Il faut lire dans ces discours des marques de la relativité de l’univers des besoins, et donc de relativité de la pauvreté définie comme non satisfaction des besoins. Pourtant, chacun de ces extraits renvoie à deux idées différentes. Dans le discours de Gervais, on retrouve la relativité de l’univers des besoins telle qu’elle a été identifiée par les études sur la pauvreté subjective108 et, antérieurement, dans des travaux sociologiques et anthropologiques. Dans le cas de Romain, il semblerait plutôt qu’il ait intégré à sa représentation personnelle de la pauvreté109 les discours des programmes de sensibilisation à la nutrition des enfants, dans une démarche d’appropriation du discours des ONG.

Même en ce qui concerne les aspects les plus pragmatiques du discours, on observe l’influence des représentations véhiculées par les actions de lutte contre la pauvreté. Sans chercher à « gloser » plus que de raison autour de ces exemples, notons, cependant, qu’ils ont un caractère illustratif du constat selon lequel les politiques de développement influencent les structures des sociétés dans lesquelles elles sont mises en œuvre. Les interventions massives, en vue de lutter contre la pauvreté, participent de l’évolution des représentations locales. La distance entre ces dernières tend donc à se raccourcir mais ce processus prend du temps. Il semble, en outre, peu probable que cette distance s’abolisse tout à fait.

Au-delà de la notion de besoins de base, les entretiens suggèrent des pistes qu’il est nécessaire de resituer dans le contexte sociétal des Hautes Terres pour les rendre intelligibles.
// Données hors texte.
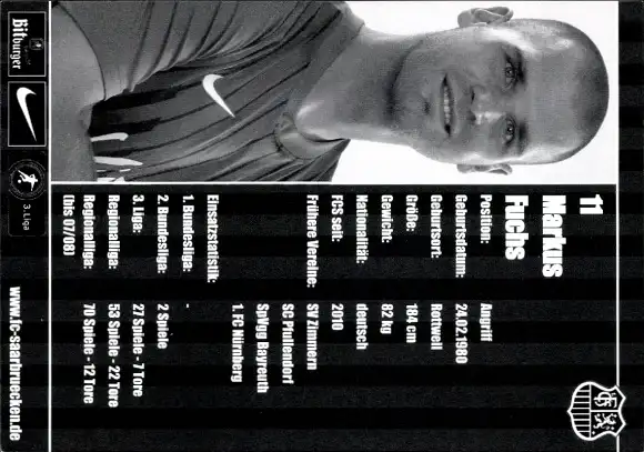 Autogrammkarte Fußballer Markus Fuchs, 1. FC Saarbrücken, Autogramm
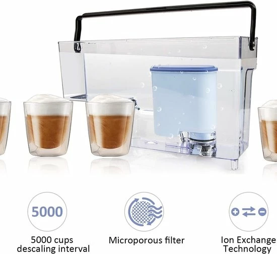 - De ionenwisseltechnologie kan kalk uit het water verwijderen voordat het in je koffiezetapparaat stroomt, en voorkomt zo de vorming van de ketelsteen
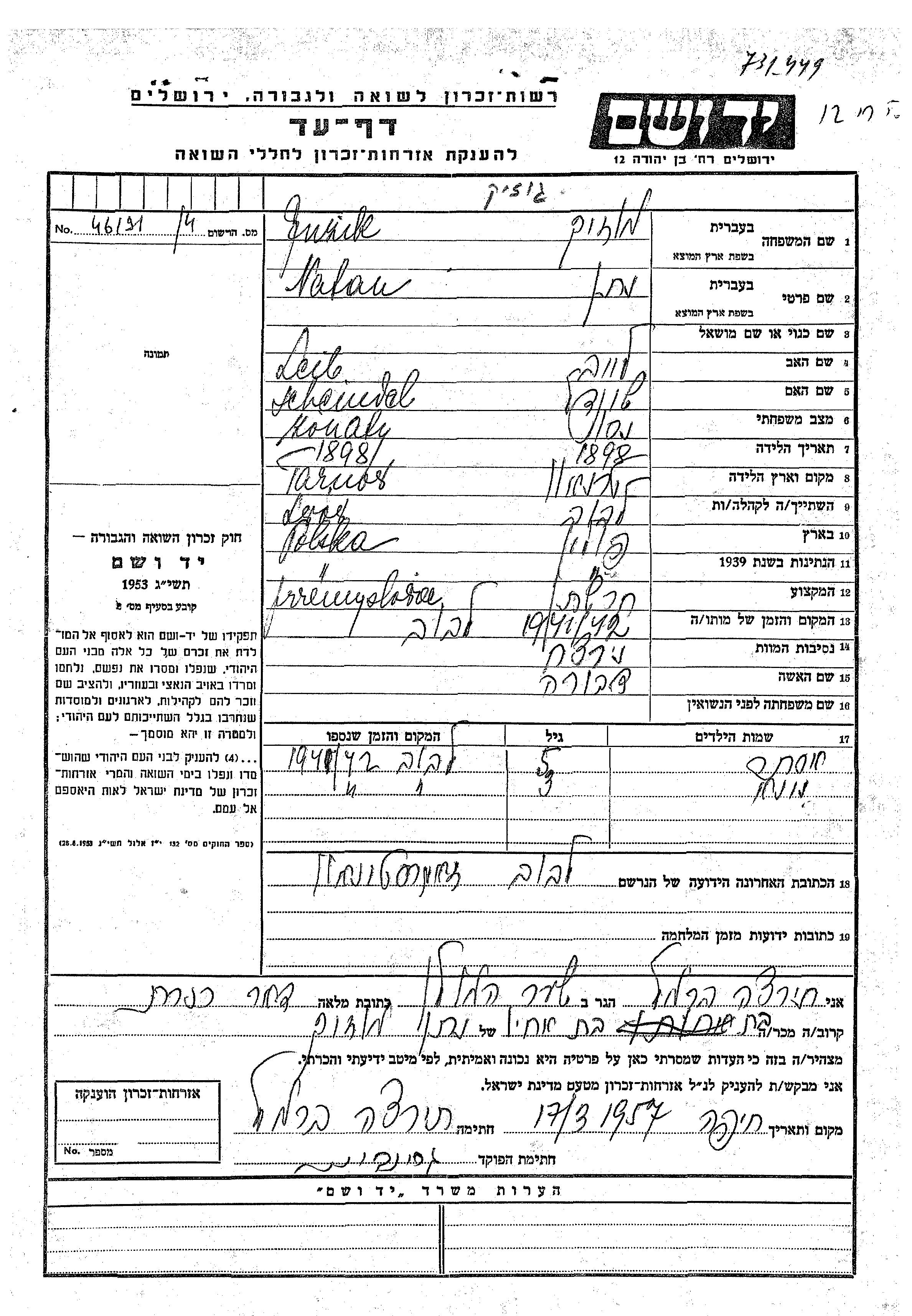 Nuna wurde in der Schoah ermordet. Todesort: unbekannter Ort.
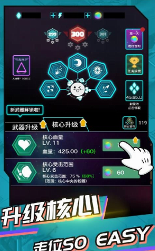 2.真实的三角形冒险,以及独特圆球不断攻击敌方核心.
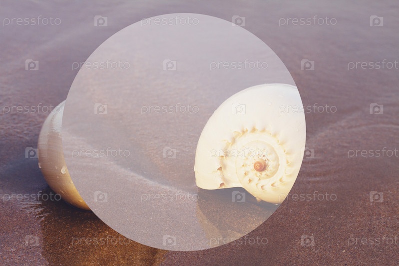 Ракушка на морском берегу на закате
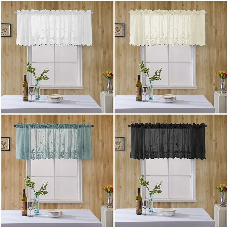 Цветочная Короткая занавеска для кухни, гостиной, кружевная полузанавеска на окно в виде кофе, прозрачная драпировка из тюля, украшение для дома
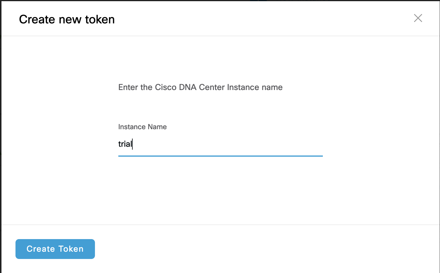 In the Create new token dialogue box, in the Instance Name field, enter the Cisco DNA Center instance name, and click Create Token.
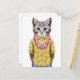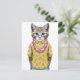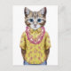 This design objets a portrait of cat in a summer shirt and hawaiian lei.
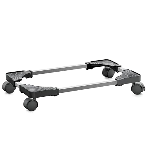 DEWELのCPUスタンドは、デスク下でのPCカートとして使用可能。無段階調節でサイズは42~55cm×22~35cm×7cm。キャスター付きで移動が簡単、熱対策とほこり対策も◎。足元収納に最適なブラックのデザイン。
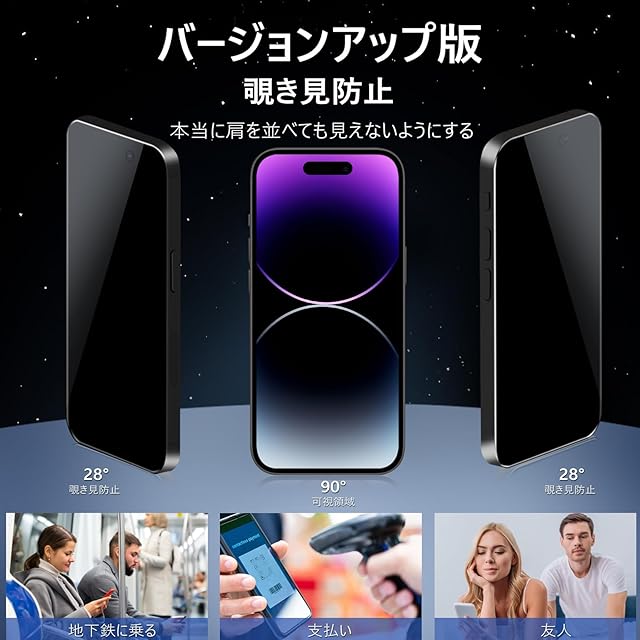 【覗き見防止・プライバシーフィルム】 覗き見防止技術により、左右の視野からの視線を防ぎ、画面のプライバシーを守ります。電車などでも安心のプライバシー保護フィルムです。MINIKAのiPhone14Promax 覗き見防止フィルムは斜めから見るとブラインドルーバーにより画面が真っ黒になりますが、真正面から見ると高透過率ではっきり見ることが出来ます。
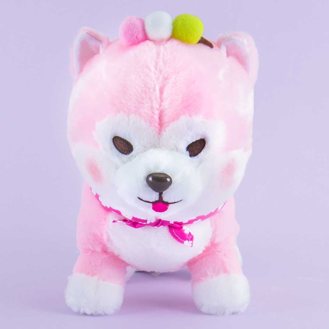 Make Masao the Shiba Inu your newest cherry blossom viewing buddy! His fur turns into blush in this sakura edition plushie of Mameshiba San Kyodai. This large-sized cutie wears a sakura patterned scarf and a dango or colored riceballs headband.
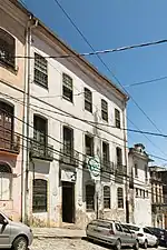 In 1854, when the family moved to the province's capital, they initially went to live in a sobrado where Júlia Fetal, a victim of a crime of passion, had lived. Fetal was murdered by her fiancé in 1848 at the age of twenty. The boy Antônio Frederico had heard there stories of the ghosts that lived in the residence.[20] Adelaide, who would become the poet's favorite sister, was born there.[21] The residence was at Rua do Rosário, No. 1, but in the following year they moved again to Rua do Paço, No. 47. Castro Alves studied at Colégio Sebrão at this time.[22] He remained at this school for two years.[8]
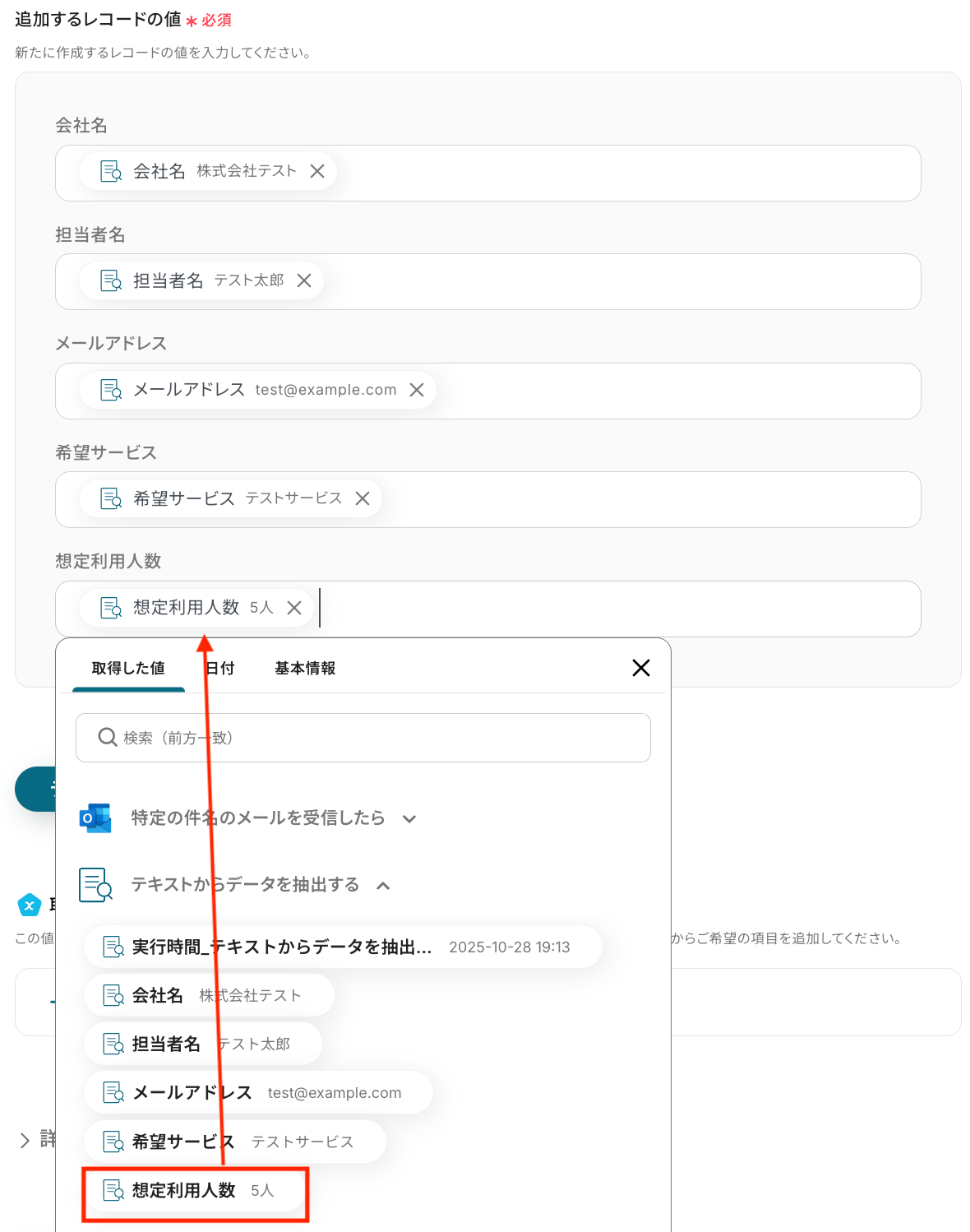 トリガーやオペレーション設定時に、「テスト」を実行して取得した値のことを指します。後続のオペレーション設定時の値として利用でき、フローボットを起動する度に変動した値となります。
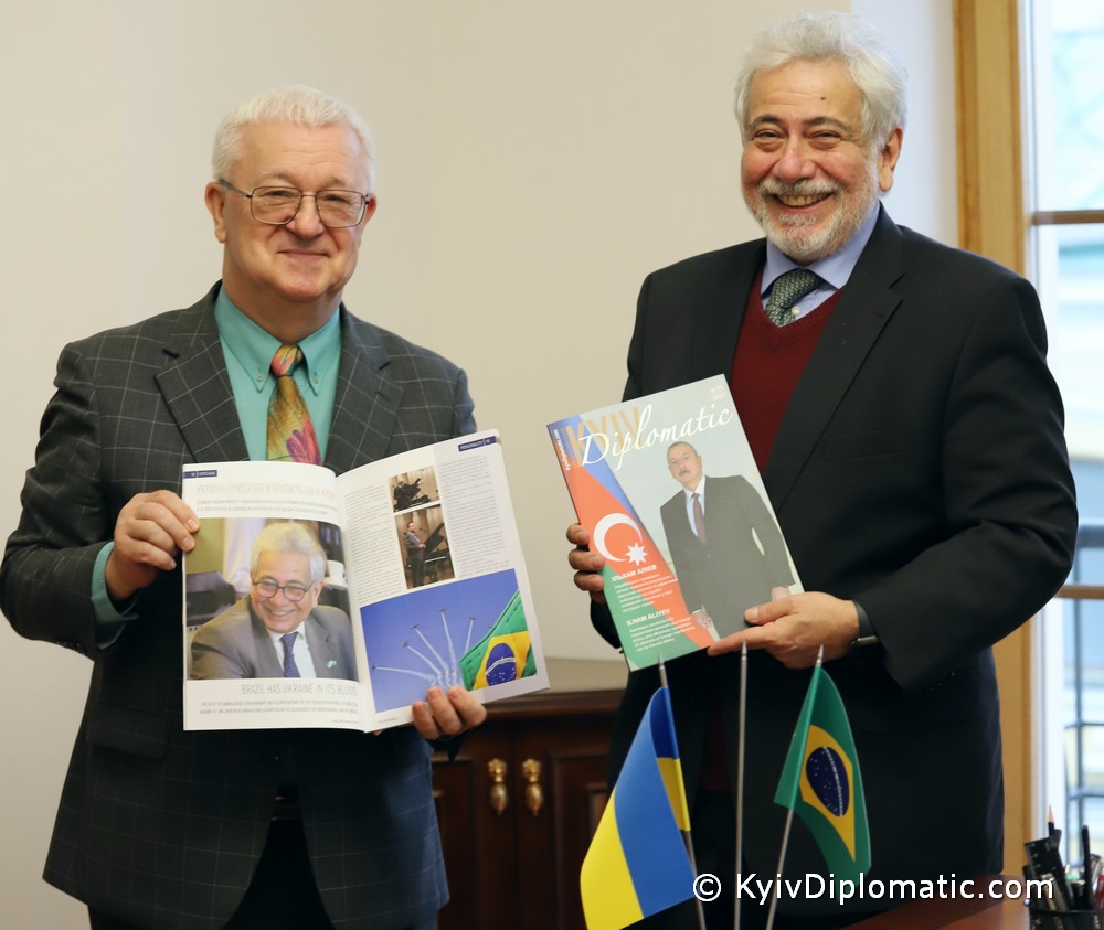 In the photograph taken by Yuliia Novytska: H.E. Norton de Andrade Mello Rapesta, Ambassador Extraordinary and Plenipotentiary of the Federative Republic of Brazil to Ukraine, and Oleksandr Kondratenko, Editor-in-Chief of magazine «Kyiv Diplomatic»

De plus, ce travail permet d’entrer véritablement dans les représentations sociales de la pauvreté.

108 Le phénomène a initialement été identifié par Tocqueville [1999, première édition 1835] sans qu’il n’en donne l’explication. Cette idée est notamment au cœur de l’ouvrage de Sahlins [1976] « Age de pierre, âge

d’abondance ».

Pour Gardes et Loisy [1997], les mesures subjectives incorporant la notion de désir et de frustration, l’insatisfaction psychologique croit avec la satisfaction des besoins matériels. Ces auteurs étudient comment le revenu minimum déclaré varie avec les caractéristiques du ménage. En se référant à la caractéristique du revenu réel, ils mettent en évidence que les seuils minimum de revenu déclarés par les plus pauvres comme les plus riches sont moins sensibles aux variations du revenu réel que ceux des populations de la zone médiane. Aux deux extrémités de l’échelle des revenus réels, la pauvreté définie par un indicateur subjectif serait assez proche de la pauvreté définie en termes de lignes de pauvreté absolue, alors que pour les ménages ayant un revenu intermédiaire, l’indicateur subjectif donne une estimation de la pauvreté supérieure à celle obtenue sur la base de l’indicateur objectif.

109 Le projet de Surveillance et Éducation des Écoles et des Communautés en matière d'Alimentation et de Nutrition Élargie (SEECALINE ; financement bilatéral, gouvernement malgache et Banque mondiale) a été particulièrement actif sur la zone d’Antsirabe. De nombreuses campagnes d’information et de sensibilisation autour de la nutrition des enfants en bas âge y ont été entreprises.